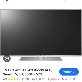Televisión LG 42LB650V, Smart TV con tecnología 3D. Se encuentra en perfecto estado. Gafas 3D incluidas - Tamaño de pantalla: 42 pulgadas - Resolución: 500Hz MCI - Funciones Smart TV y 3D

* * *

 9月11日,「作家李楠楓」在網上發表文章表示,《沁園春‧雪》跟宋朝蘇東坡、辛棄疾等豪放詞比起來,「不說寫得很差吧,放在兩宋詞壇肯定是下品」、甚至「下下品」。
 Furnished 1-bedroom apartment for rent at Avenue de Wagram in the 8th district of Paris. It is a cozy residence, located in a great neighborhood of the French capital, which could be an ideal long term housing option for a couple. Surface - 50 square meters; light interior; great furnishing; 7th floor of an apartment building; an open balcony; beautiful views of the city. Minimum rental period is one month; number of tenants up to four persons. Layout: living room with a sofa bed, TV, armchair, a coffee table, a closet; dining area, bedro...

* * *

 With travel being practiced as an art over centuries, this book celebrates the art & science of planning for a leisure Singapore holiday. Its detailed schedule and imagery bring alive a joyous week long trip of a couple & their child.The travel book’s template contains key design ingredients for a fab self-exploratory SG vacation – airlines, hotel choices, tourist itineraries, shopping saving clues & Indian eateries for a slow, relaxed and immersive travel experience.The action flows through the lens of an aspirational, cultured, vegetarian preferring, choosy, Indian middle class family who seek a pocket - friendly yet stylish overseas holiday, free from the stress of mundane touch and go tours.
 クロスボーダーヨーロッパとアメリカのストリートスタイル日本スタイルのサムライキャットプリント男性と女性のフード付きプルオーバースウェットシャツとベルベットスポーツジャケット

About this exercise
Wherever the line holding "9月11日,「作家李楠楓」在" falls in the entries above, copy exactly from it through the line holding "Furnished 1-bedroom apartment", inclusive, and add nothing.

Your solution
 9月11日,「作家李楠楓」在網上發表文章表示,《沁園春‧雪》跟宋朝蘇東坡、辛棄疾等豪放詞比起來,「不說寫得很差吧,放在兩宋詞壇肯定是下品」、甚至「下下品」。
 Furnished 1-bedroom apartment for rent at Avenue de Wagram in the 8th district of Paris. It is a cozy residence, located in a great neighborhood of the French capital, which could be an ideal long term housing option for a couple. Surface - 50 square meters; light interior; great furnishing; 7th floor of an apartment building; an open balcony; beautiful views of the city. Minimum rental period is one month; number of tenants up to four persons. Layout: living room with a sofa bed, TV, armchair, a coffee table, a closet; dining area, bedro...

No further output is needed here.